When asked to share their top frustrations when making a customer service call, there was no shortage of feedback. Respondents readily shared a wide range of frustrations ranging from glaring process breakdowns to more esoteric idiosyncrasies.


  • As customers we HATE IVRs, phone trees and phone automation systems. Why are customers forced to use them when they don’t seem to help the process?
  • We hate to wait on the phone. Phone time is like dog years—3-4 minutes waiting on the phone feels like 10-15 minutes waiting in person.
  • We are infuriated by customer service representatives who are robotic and are clearly reading from a script. Customers take time to make a phone call to receive a higher level of attention to their issue. If representatives aren’t knowledgeable about the company’s products/services, policies, etc., it feels like a complete waste of time to deal with someone who clearly doesn’t know how to address the problem and is simply reading from a script.
  • Non-native speaking CSRs make the experience extremely frustrating. Companies also need to know that asking foreign reps to use an English name and providing some accent reduction training is not enough. Customers don’t want to have to “work” to understand the rep who takes their call.
  • We are so frustrated and disappointed with customer service reps who don’t actually listen and project very little empathy. This concern was repeated often throughout the survey feedback. Indeed, customers can sense whether the person talking to them about their problem actually cares and that makes a difference. When asked how often they felt CSRs truly heard or understood their concern or issue during customer service calls, only 35% responded “often” or “always.”
  • Customer service reps who don’t take ownership of the problem are a key frustration. Possibly nothing irritates the customer more than talking to a rep who blames other departments, blames the customer, or worse yet, forwards the customer around mindlessly to “someone who can help.” PLEASE, we want to talk to one person who can fix it! 57% of respondents indicated that their issue is typically resolved only “rarely” or “sometimes” during the customer service call.
  • Don’t try to up-sell me during my customer service call. If customers are calling because there’s an existing problem, they’re probably not in the best mood and certainly not interested in hearing a sales pitch to buy more at that precise moment.
  • Trying to find out how to reach customer service should NOT feel like an episode of “CSI.” It doesn’t make you seem cool and sophisticated to move all customer service communications to social media, nor are we entertained by excessive wait times on hold (because you’re experiencing “higher than normal call volume”) or having to wade through a difficult website to find the heavily guarded contact number that the company clearly wants no one to have. We are the customer—the reason why the company is in business— we don’t like feeling like a jilted girlfriend.
  • Not being valued as a current customer is definitely another point of frustration. It feels like a slap in the face when companies clearly put all their marketing and promotions energy into getting NEW customers, and seem to leave the existing customers out to dry. It almost seems to encourage existing customers to become previous customers to get the premium deals, attention and new customer perks.

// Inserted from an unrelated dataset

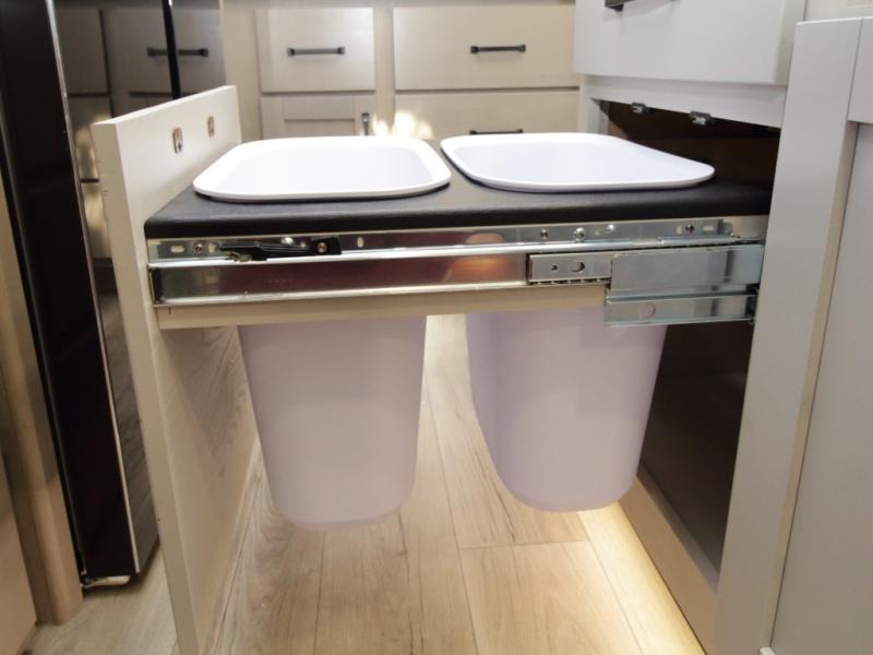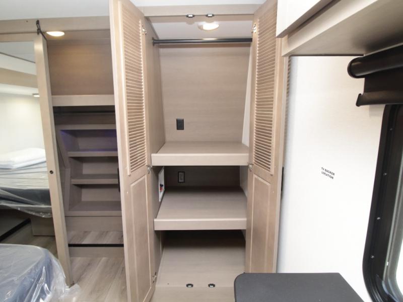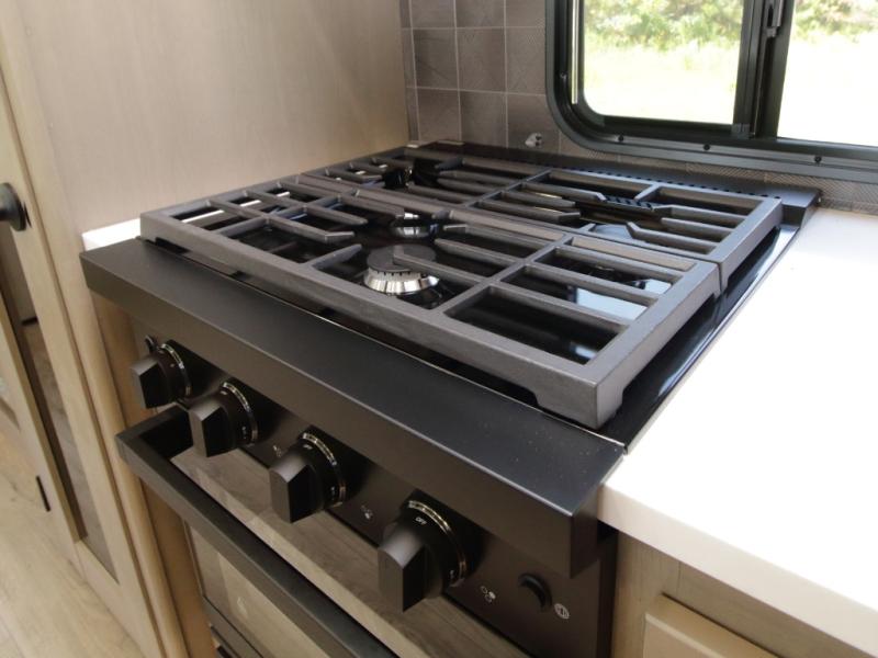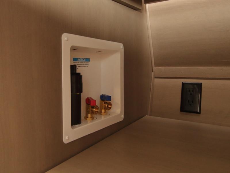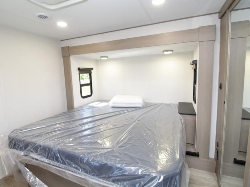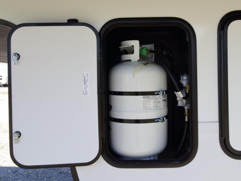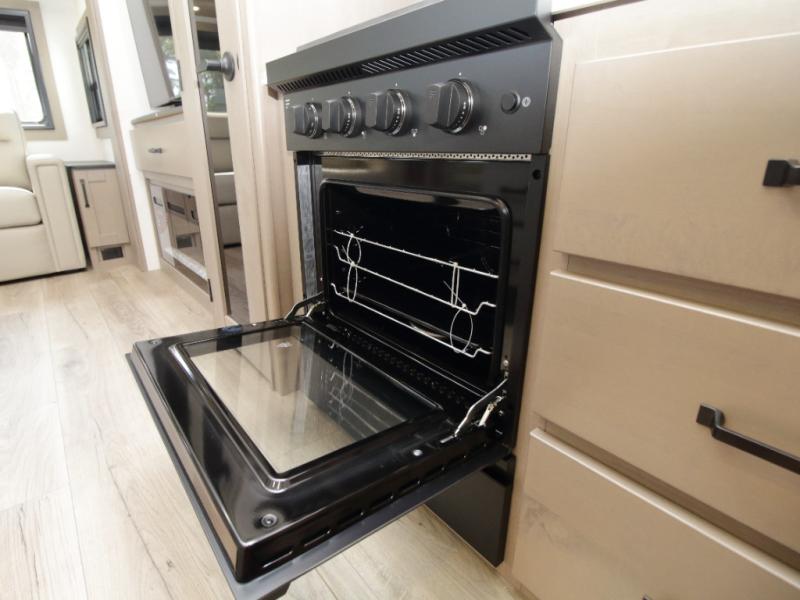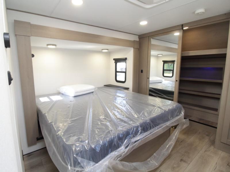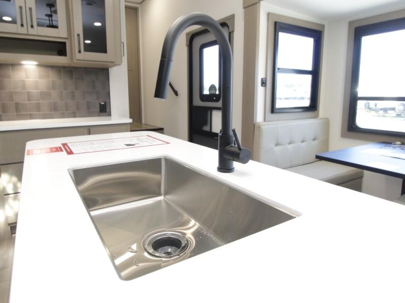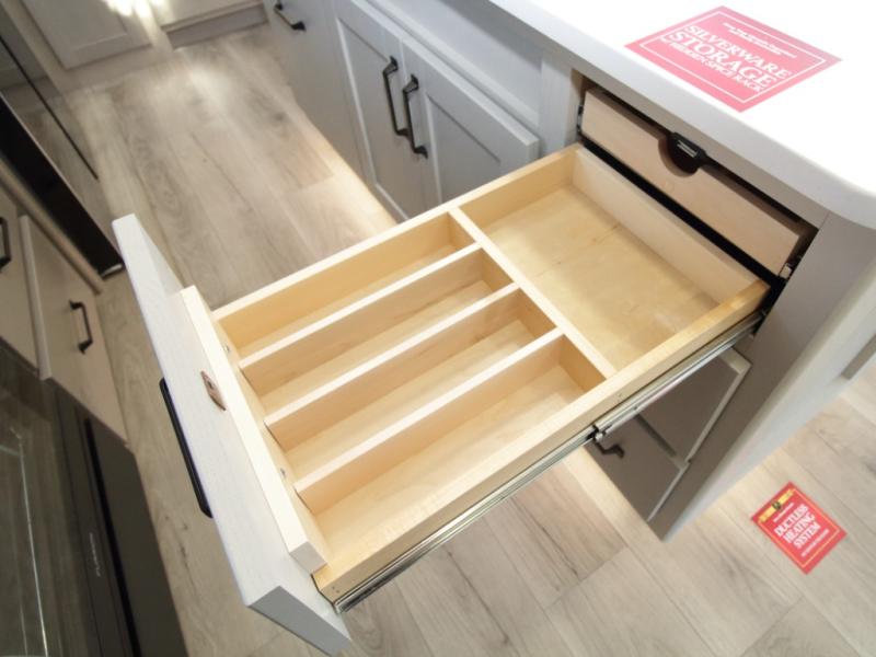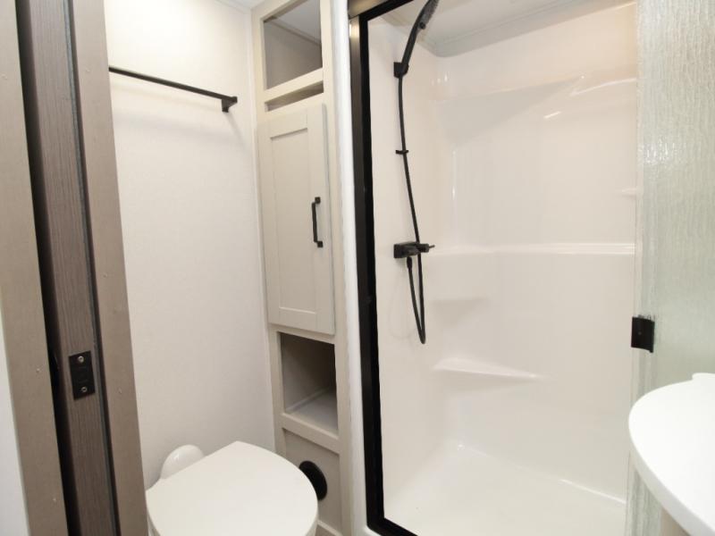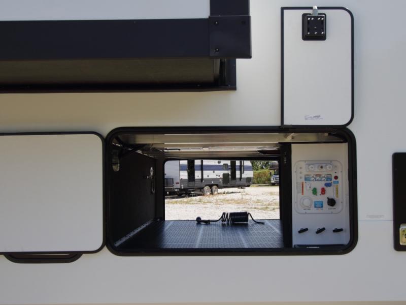 The kitchen is designed for serious cooking with a hutch for extra storage, large pantry, center island, and a 16 cu. ft. refrigerator to hold all your ingredients and leftovers. A full bathroom with a 30" x 48" fiberglass shower and linen closet adds convenience, while the front private bedroom offers a queen bed slide (or optional king), dresser storage, and a full wall wardrobe with washer/dryer prep.

Companies focus great effort on ensuring that inventory levels are full, marketing is in full swing, and call centers and websites are prepared for peak-traffic periods. The question is how many of those companies are equally focused on ensuring that their customer service capabilities truly serve the customer (not frustrate them). Making the sale is important, but keeping the customer should truly be the ultimate goal, and the key to that is providing true customer service.

Dana Brownlee

Dana Brownlee is an acclaimed keynote speaker, corporate trainer, and team development consultant. She is President of Professionalism Matters, Inc. a boutique professional development corporate training firm based in Atlanta, GA.